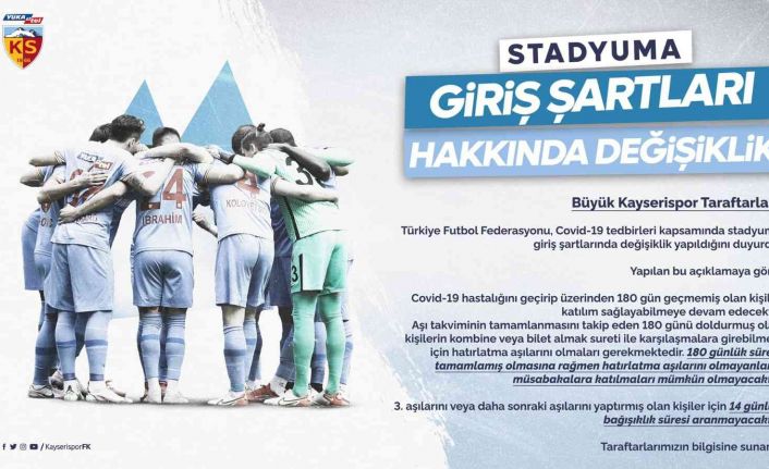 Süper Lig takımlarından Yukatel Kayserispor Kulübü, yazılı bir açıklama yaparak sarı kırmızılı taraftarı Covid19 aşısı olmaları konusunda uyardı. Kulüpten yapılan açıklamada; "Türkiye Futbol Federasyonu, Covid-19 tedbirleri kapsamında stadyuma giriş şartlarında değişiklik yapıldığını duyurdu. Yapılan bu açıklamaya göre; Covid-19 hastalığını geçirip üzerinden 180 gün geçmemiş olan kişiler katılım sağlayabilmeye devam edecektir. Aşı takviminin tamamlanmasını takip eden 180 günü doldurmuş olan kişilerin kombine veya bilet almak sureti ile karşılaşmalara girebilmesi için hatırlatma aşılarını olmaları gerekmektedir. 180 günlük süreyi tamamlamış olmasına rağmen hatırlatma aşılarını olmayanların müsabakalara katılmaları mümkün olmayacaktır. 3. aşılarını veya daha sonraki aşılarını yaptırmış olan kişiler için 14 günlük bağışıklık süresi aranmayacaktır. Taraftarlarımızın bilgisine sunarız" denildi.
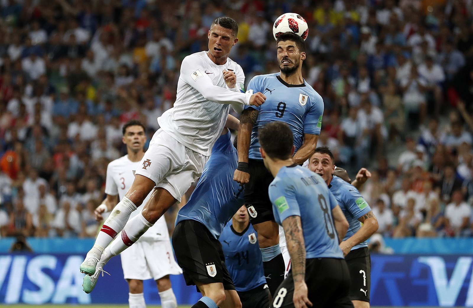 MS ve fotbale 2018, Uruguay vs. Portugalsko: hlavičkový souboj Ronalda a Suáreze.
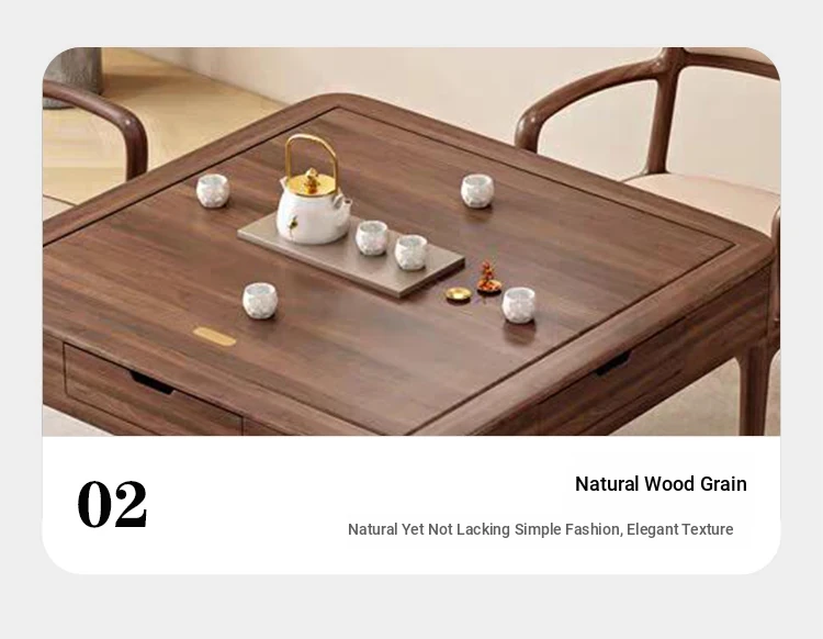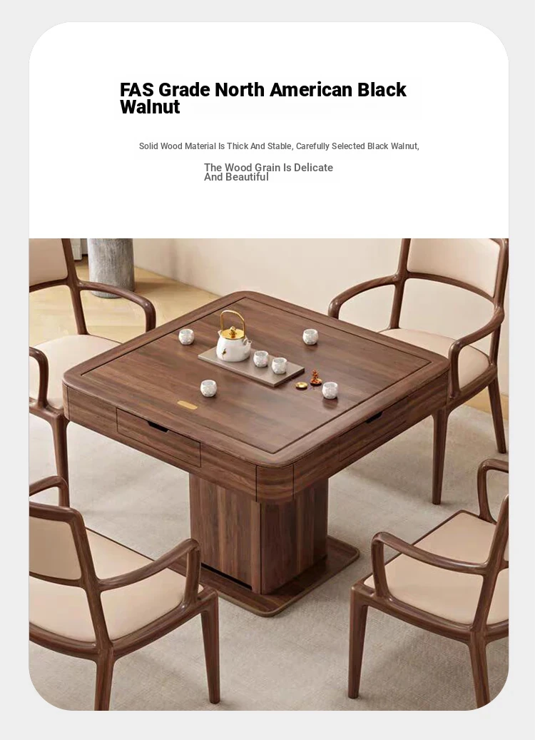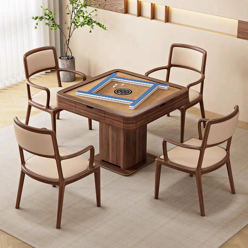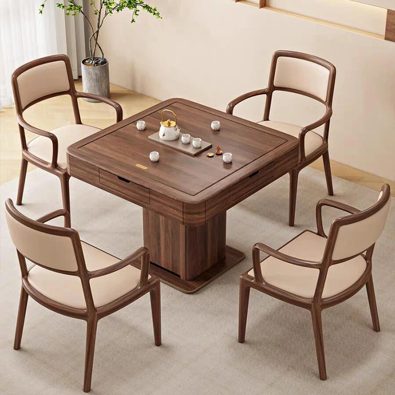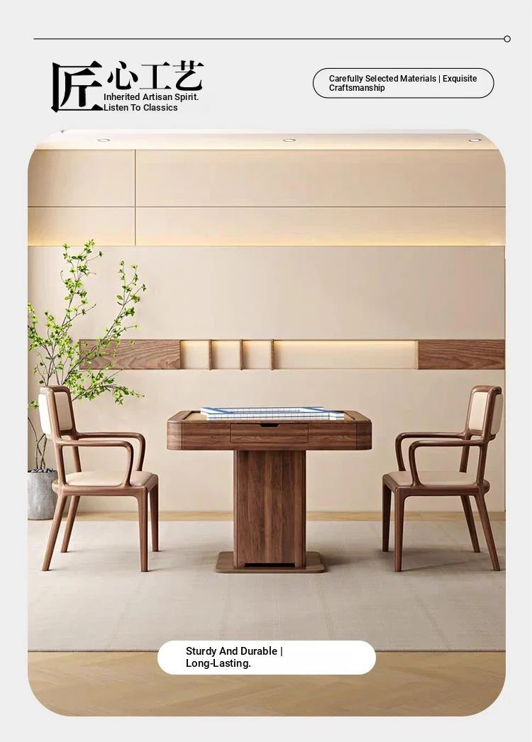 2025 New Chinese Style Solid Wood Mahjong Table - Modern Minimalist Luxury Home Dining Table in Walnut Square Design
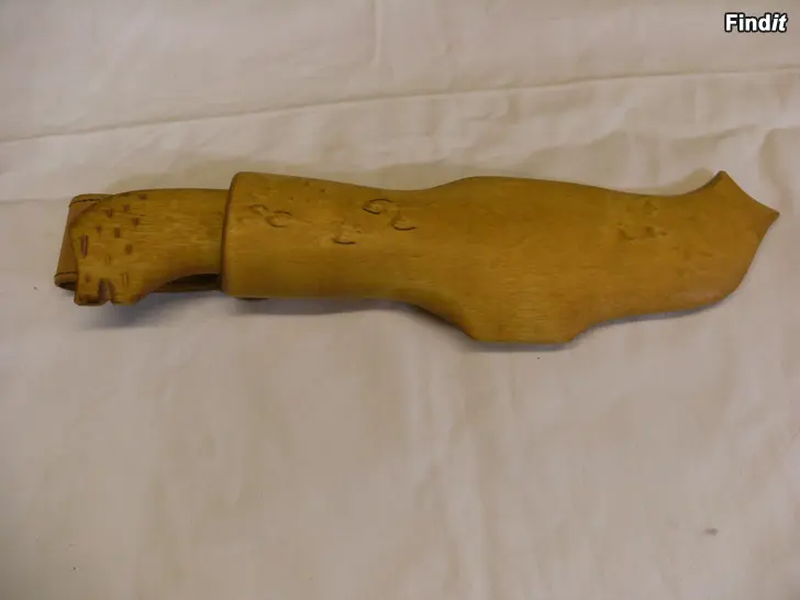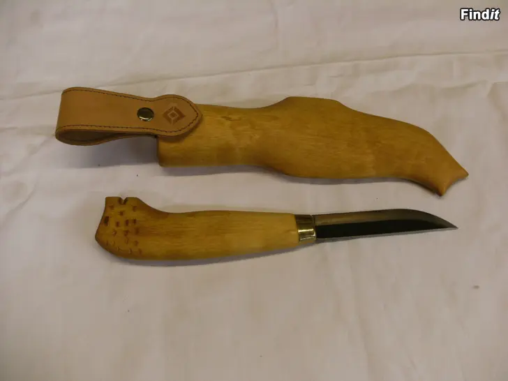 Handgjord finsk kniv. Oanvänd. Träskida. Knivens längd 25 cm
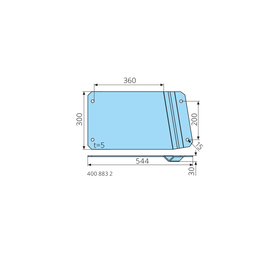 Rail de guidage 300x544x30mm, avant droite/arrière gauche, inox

◆ Exercise requirements ◆
The data must be reproduced exactly, and no picture may appear in the copy.

◆ Problem solution ◆
 Süper Lig takımlarından Yukatel Kayserispor Kulübü, yazılı bir açıklama yaparak sarı kırmızılı taraftarı Covid19 aşısı olmaları konusunda uyardı. Kulüpten yapılan açıklamada; "Türkiye Futbol Federasyonu, Covid-19 tedbirleri kapsamında stadyuma giriş şartlarında değişiklik yapıldığını duyurdu. Yapılan bu açıklamaya göre; Covid-19 hastalığını geçirip üzerinden 180 gün geçmemiş olan kişiler katılım sağlayabilmeye devam edecektir. Aşı takviminin tamamlanmasını takip eden 180 günü doldurmuş olan kişilerin kombine veya bilet almak sureti ile karşılaşmalara girebilmesi için hatırlatma aşılarını olmaları gerekmektedir. 180 günlük süreyi tamamlamış olmasına rağmen hatırlatma aşılarını olmayanların müsabakalara katılmaları mümkün olmayacaktır. 3. aşılarını veya daha sonraki aşılarını yaptırmış olan kişiler için 14 günlük bağışıklık süresi aranmayacaktır. Taraftarlarımızın bilgisine sunarız" denildi.
 MS ve fotbale 2018, Uruguay vs. Portugalsko: hlavičkový souboj Ronalda a Suáreze.
 2025 New Chinese Style Solid Wood Mahjong Table - Modern Minimalist Luxury Home Dining Table in Walnut Square Design
 Handgjord finsk kniv. Oanvänd. Träskida. Knivens längd 25 cm
 Rail de guidage 300x544x30mm, avant droite/arrière gauche, inox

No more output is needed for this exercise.